I swung upside down for a moment before righting myself, and getting safely lowered.

Oh, I get it, I thought. Experience giving me the lesson, my mind had worried over understanding: Position yourself so you can’t come between the rope and the wall, even if you fall.

My leg swelled up considerably that first day although not sprained, and by day two a bruise the size of Chicago was forming on the inside of my knee and outside of my thigh.

Worse, I knew I had to try again and soon.

The courage to keep climbing

I called my non-climbing friend, Durga, for support.

“You’ve got to help me,” I said. “I fell upside down while lead climbing and my leg is black and blue. I didn’t pass the test. I’ve got to get back up there before I’m too scared to ever try again. I really want to do it . . . but . . .” I was on the verge of tears.

“You’re so brave! It’s scary what you’re doing. It takes courage.”

That made me feel better. I was used to comparing myself to other climbers, most of whom were twenty-something, not 54.

“Listen,” she said. “You’re an awareness practitioner. It’s just like awareness practice. We go along doing our best to be mindful and suddenly get caught unaware; the next thing we know we’re tripped up and in the dark room — essentially we’re hanging upside down by one leg. So, what do we do then? Do we give up? Do we decide we’re done with awareness practice? That it’s just too hard? No. We take a deep breath and start over. I know you’re going to go back there and try again. I know you’re going to keep trying because that’s what you do. This is scary and hard, but it is within your reach. You can do it.“

That’s right. That‘s what I do. That’s what I want to do!

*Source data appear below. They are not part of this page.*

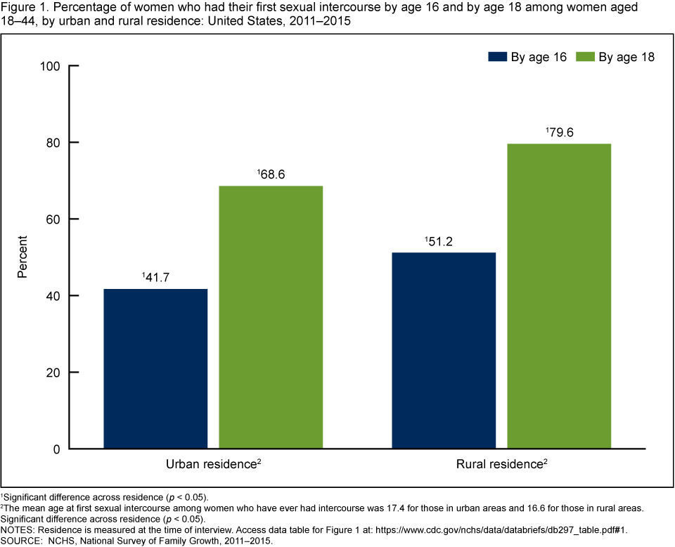 - Among women aged 18–44, the average age at first sexual intercourse was younger for women living in rural areas (16.6) compared with women living in urban areas (17.4).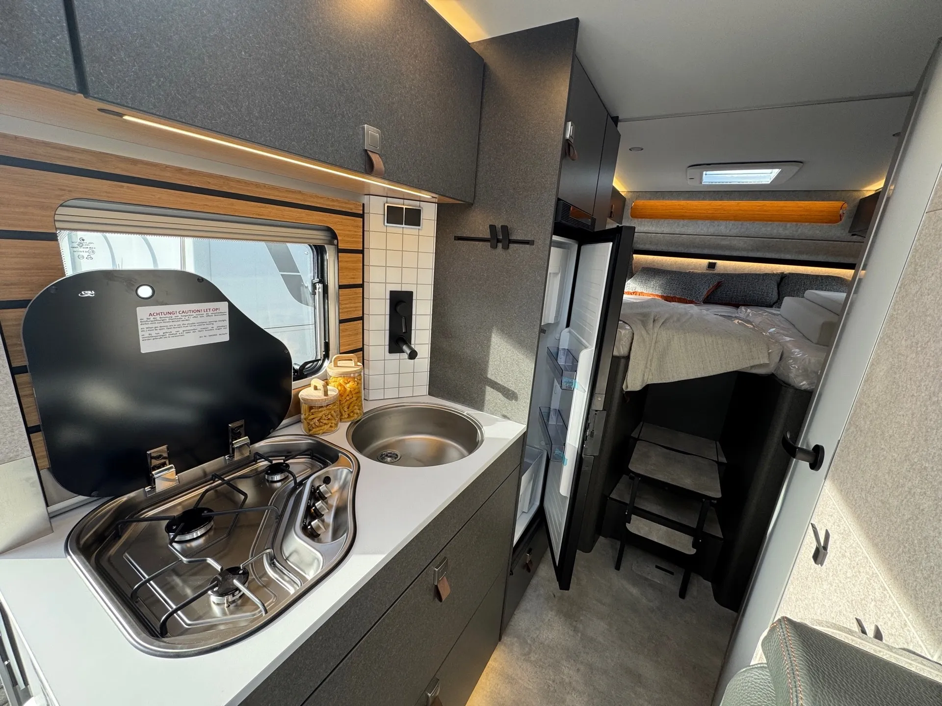 - GFK Dachbeschichtung (Die GFK-Dachbeschichtung ist nicht der Fahrzeugfarbe angepasst. Die Oberfläche der GFK-Beschichtung entspricht in seiner Güte nicht einem lackierten Außenblech.)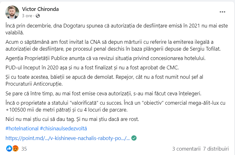Posibila demolare a clădirii Hotelului Național din centrul Capitalei a stârnit nu doar un val de critici, dar și unul de acuzații între Chironda, Cojuhari și Dogotaru. După ce în spațiul public au apărut imagini cum teritoriul clădirii este îngrădit pentru a fi interzisă circulația, fostul viceprimar al Capitalei, Victor Chironda, a venit cu o reacție pe pagina sa de Facebook în care susține că demolarea clădirii s-a început repejor „cât nu a fost numit un nou șef la Procuratura Anticorupție”.

I had one more shot before we headed up to Seattle. I was still hopeful of impressing the kids, but unfortunately our youngest daughter — psychic that she is — called and asked Jay outright if he’d taken the lead climb test yet.

“I couldn’t lie to her,” he said sheepishly to me. “I told her I passed, but that you’d taken a bad fall on the overhang portion.”

There goes my pride.

But in the end it was great because both kids immediately served up a bunch of support. They oohed and ahhed over pictures of my impressive bruise and sent sweet messages: “You are strong. You totally got this mom! Focus on breathing. Take a little break in the middle.”

Initiated into leading

On the drive over to the gym the next day, the negative voices in my head were having a heyday. What if I don’t make it? They worried. Three strikes and you’re out! They taunted — though it was not true.

At the gym, I looked up at the wall, my nemesis, and thought about what Durga had said. I committed myself to keep trying, however many strikes it took. What else was there to do? I was scared. I was in pain, but I was going on up, bruise and all.

I made it to the crux, careful of where I placed my feet and then slipped a bit almost falling, but I grabbed the big jug hold ungracefully with both hands for a few moments and just held on. The voices in my head panicked, you’re going to fall again! And then followed up with, you look like an idiot.

Maybe.

Maybe not.

Either way, I’m going to keep climbing.

And so I did, all the way to the top as required, and with barely more than a moment’s hesitation I also “let go” for the required fall from the top. Then, I climbed back up successfully completing the test. I PASSED!!!!!!!

Relief and elation flooded through me and I pranced around at the bottom, high-fiving hubby and my tester, looking around the gym to see who else might have noticed my amazing feat, secretly feeling there should have been a grandstand cheering my initiation into leading.

A fitting initiation it was too — something like that portrayed by the Major Arcana Tarot card called “The Hanged Man” which pictures a man dangling upside down from one leg, the other bent. The Hanged Man (related also to The Fool), interpreter Waite says, is a key figure in the soul’s journey. He represents initiation by going through an ordeal, but willingly, to further his goal.

For in climbing as in life, if you want to lead, you have to be willing to fall. And when you do, you have to be willing to get up and do it again.